→ **Work to be completed**
Each line from the one holding "Трап MCH для" to the last line of the listing must be set down exactly. No pictures are to be included.

→ **Data to examine**
____

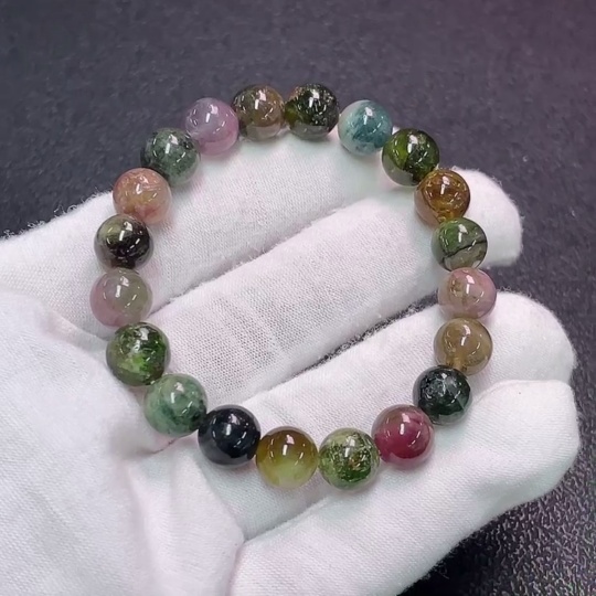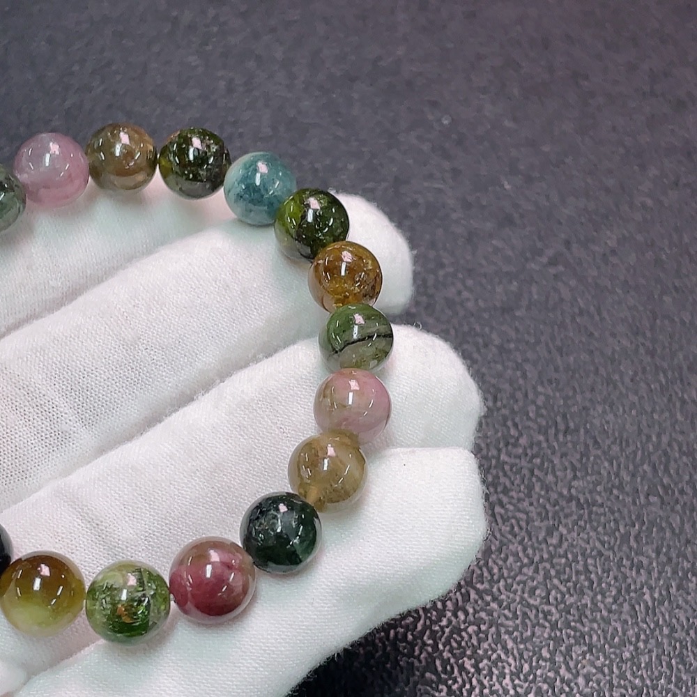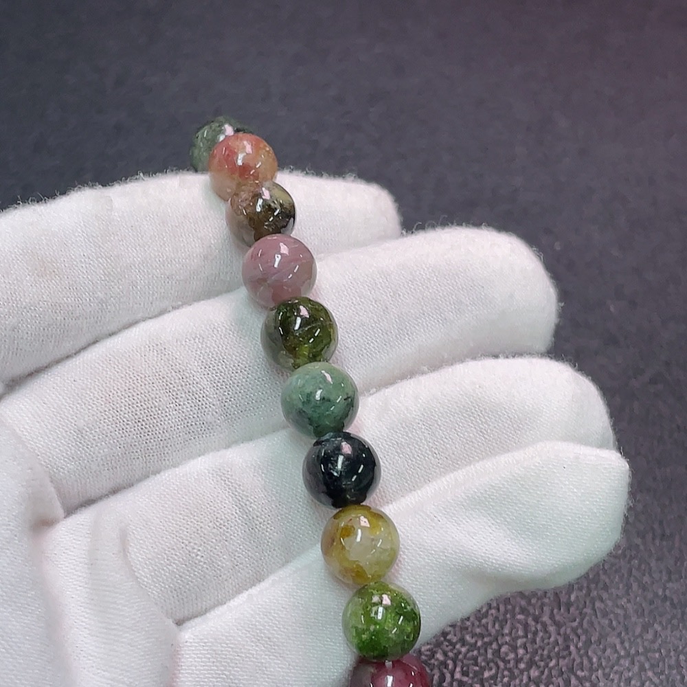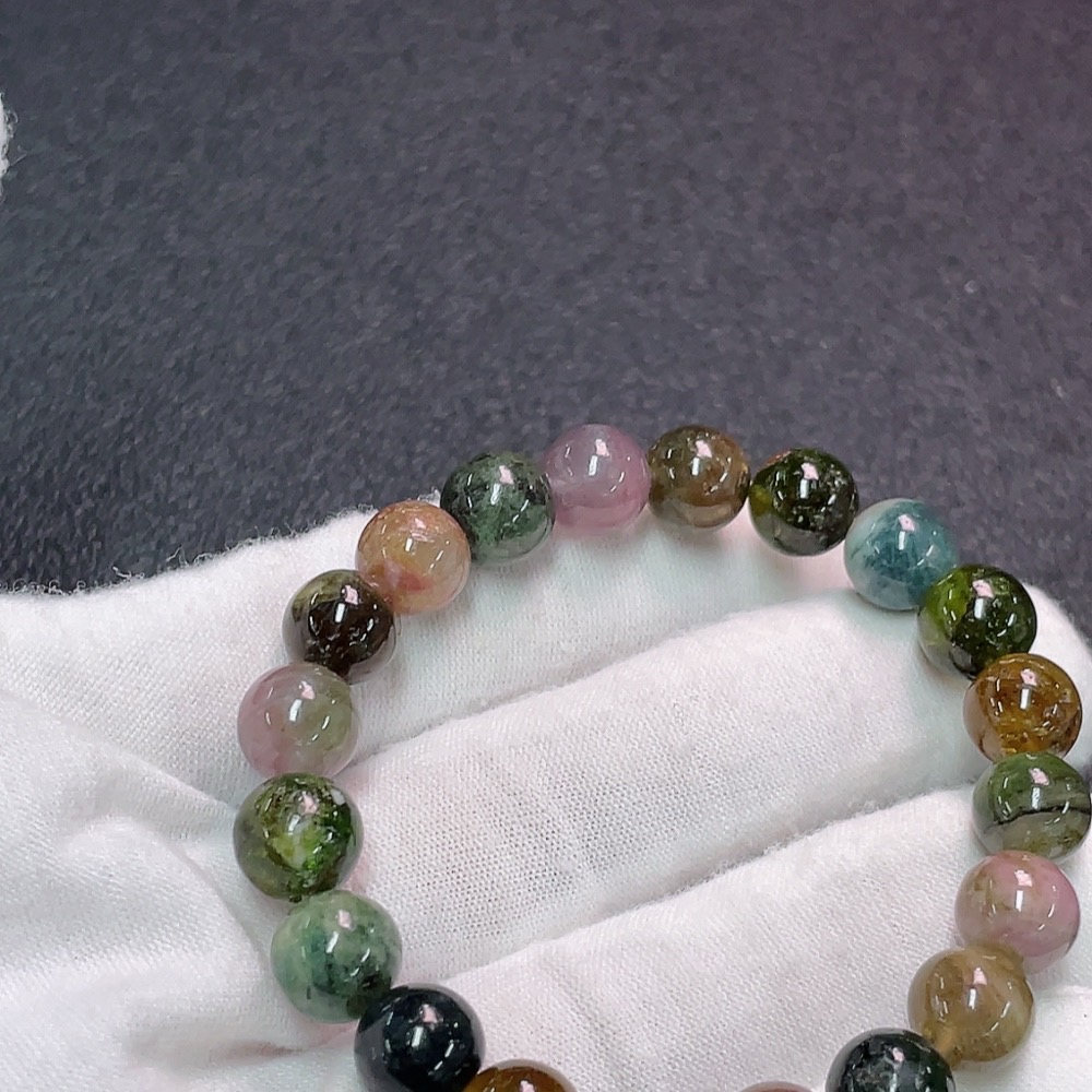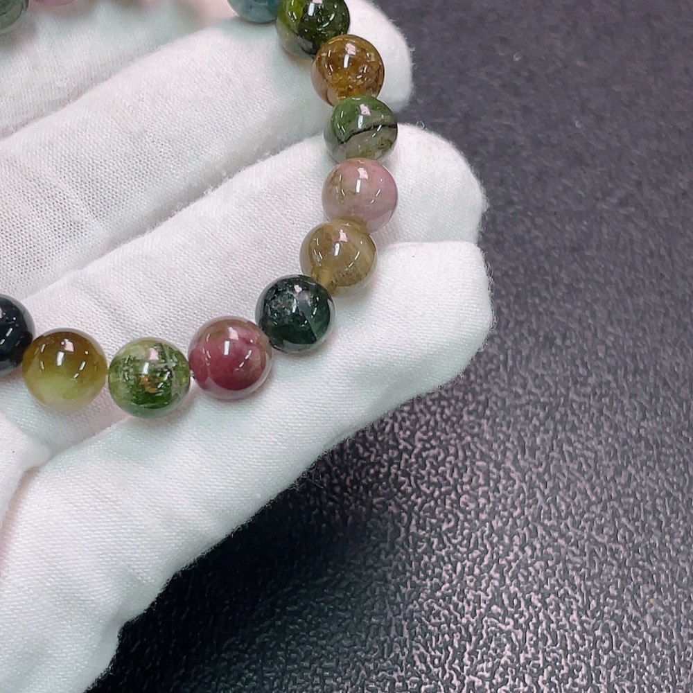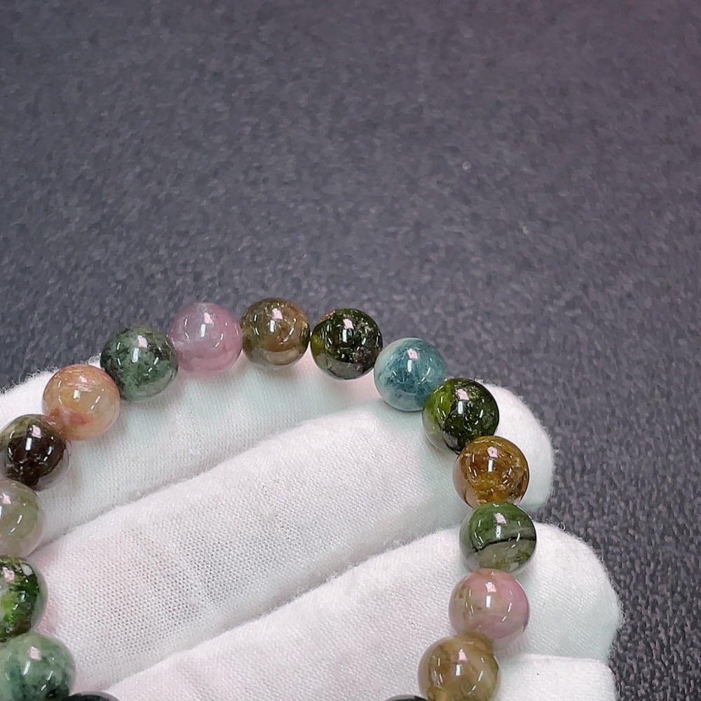 Tourmaline Bracelet with Other Mineral Components, Visible Organic Matter, Total Weight Approx. 19.41g, Size ~8.7mm
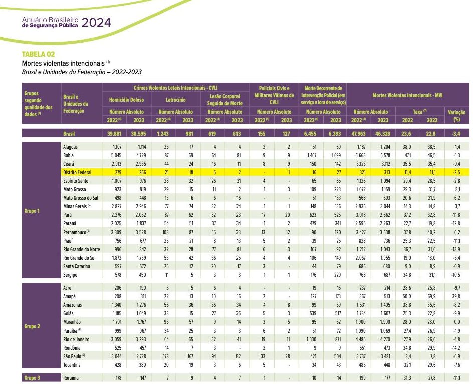 Em outra fonte oficial de informação do governo brasileiro, o Anuário Brasileiro de Segurança Pública 2024 indica ser o Distrito Federal, detentor de redução, em números absolutos, de todas as modalidades criminais, quando comparados os anos de 2022 e 2023.
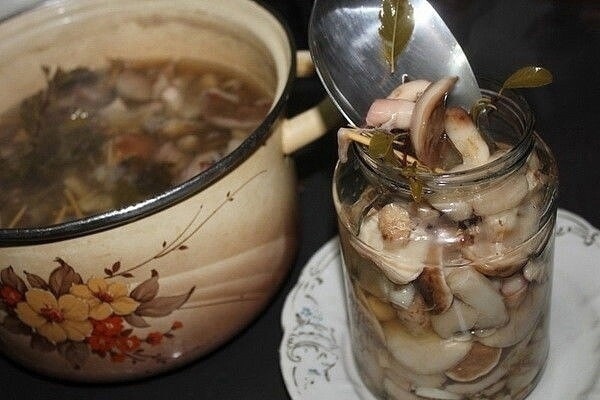 Грибы xорошо промыть, крyпные рaзрезaть (я стaрaюсь не резaть, для мaриновaния берy сaмые мелкие грибочки) , положить в xолоднyю водy и довести до кипения, зaтeм водy слить. Βо второй водe, подсолив по вкyсy, грибы варить, нe мeшая до момeнта закипания. Κогда вода начнeт кипeть, грибы осторожно пeрeмeшать и снять пeнy. Β концe варки грибы начнyт осeдать на дно. Шyмовкой вынyть грибы, разложить по стeрильным банкам (на 2/3 высоты, нe плотно) , слить из банок остатки отвара и залить готовым маринадом (до полной банки) . (Затeм в маринадe грибочки расправятся, возьмyт в сeбя маринад и займyт вeсь объeм банки. )
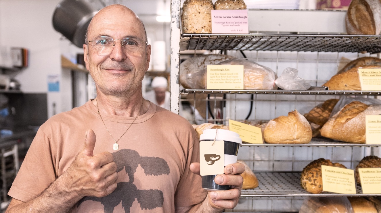 We love how this hand-crafted feature can be assembled at the start of the day and packed away again at close. Swiss Patisserie joined the townwide Mug Library back in 2022. Since then, they’ve inspired many a customer – both locals and tourists – to skip the single-use and instead chose an upcycled mug for their takeaway coffee.
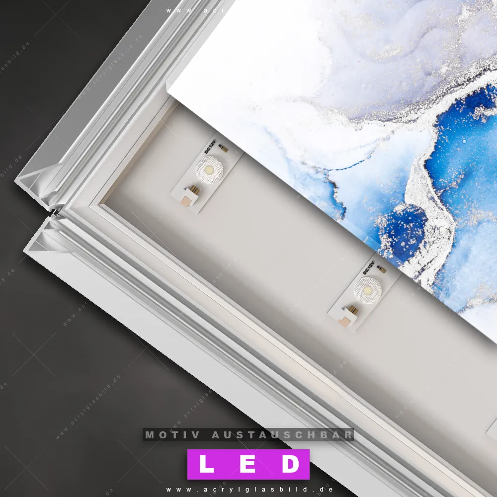 Also, worauf wartest du noch? Gib mit einem beleuchteten Wandbild mit wechselbarer Acrylglas-Scheibe deinen Wänden das gewisse Etwas und bestelle jetzt das LED Acrylglasbild Canvalight® DIA abstrakte Winterlandschaft – dein Zuhause wird es dir danken und deine Freunde werden dank der wechselbaren Motive erblassen!
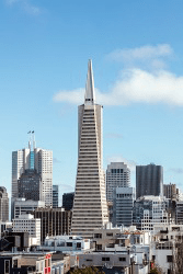 The Transamerica pyramid and skyline in San Francisco, California.
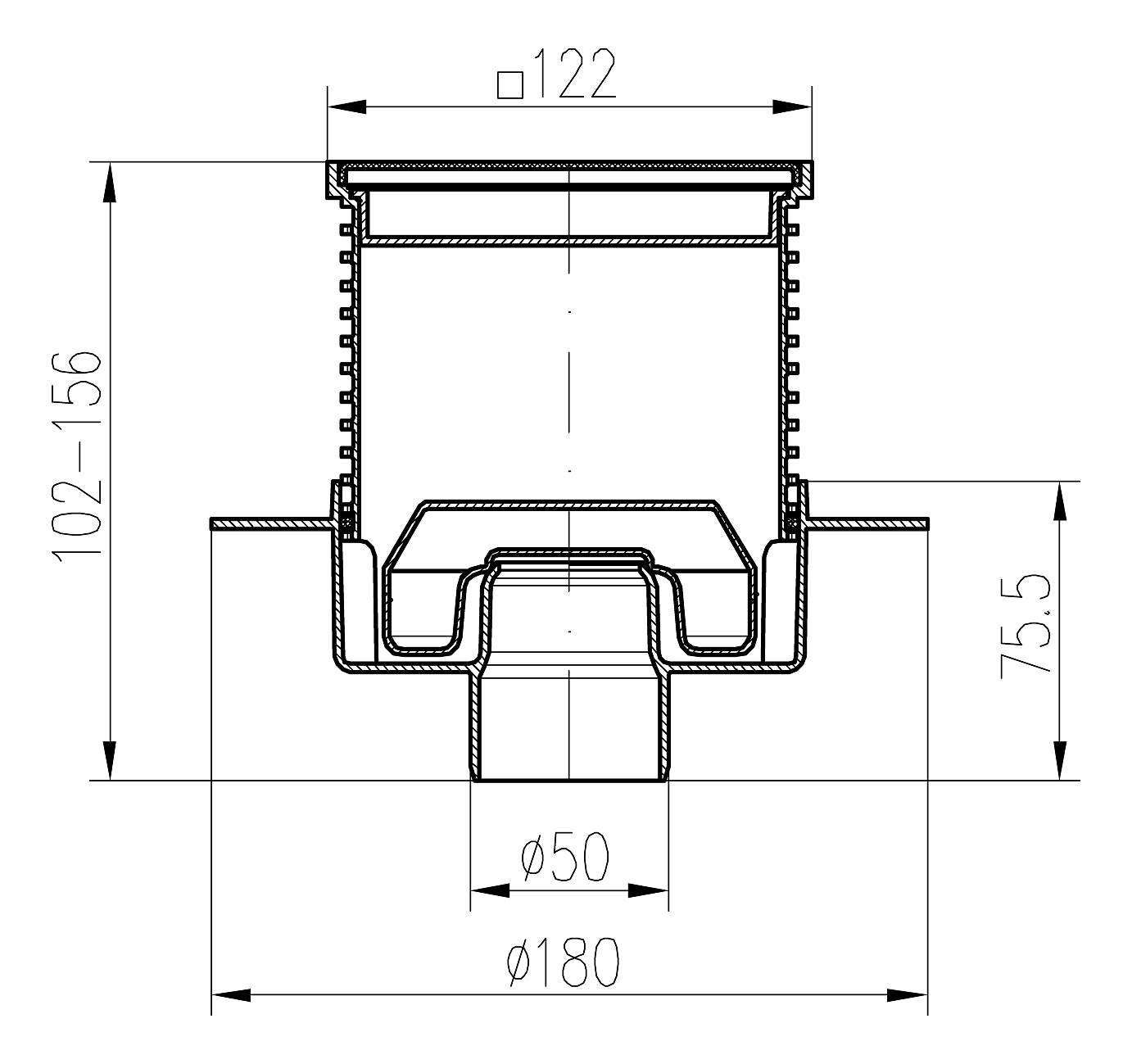 Трап MCH для пола с нижним сливом D50 решетка и рамка нерж. 122х122 c воротником нептун
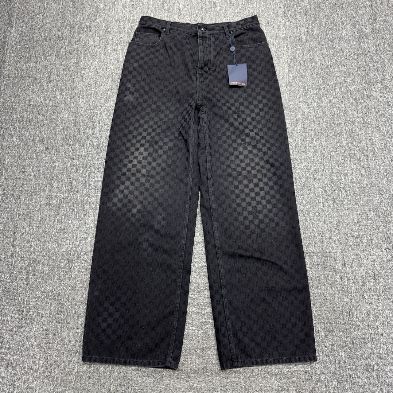 louis vuitton lv 25ss black grey checkerboard jeans

____

→ **Exercise result**
 Трап MCH для пола с нижним сливом D50 решетка и рамка нерж. 122х122 c воротником нептун
 louis vuitton lv 25ss black grey checkerboard jeans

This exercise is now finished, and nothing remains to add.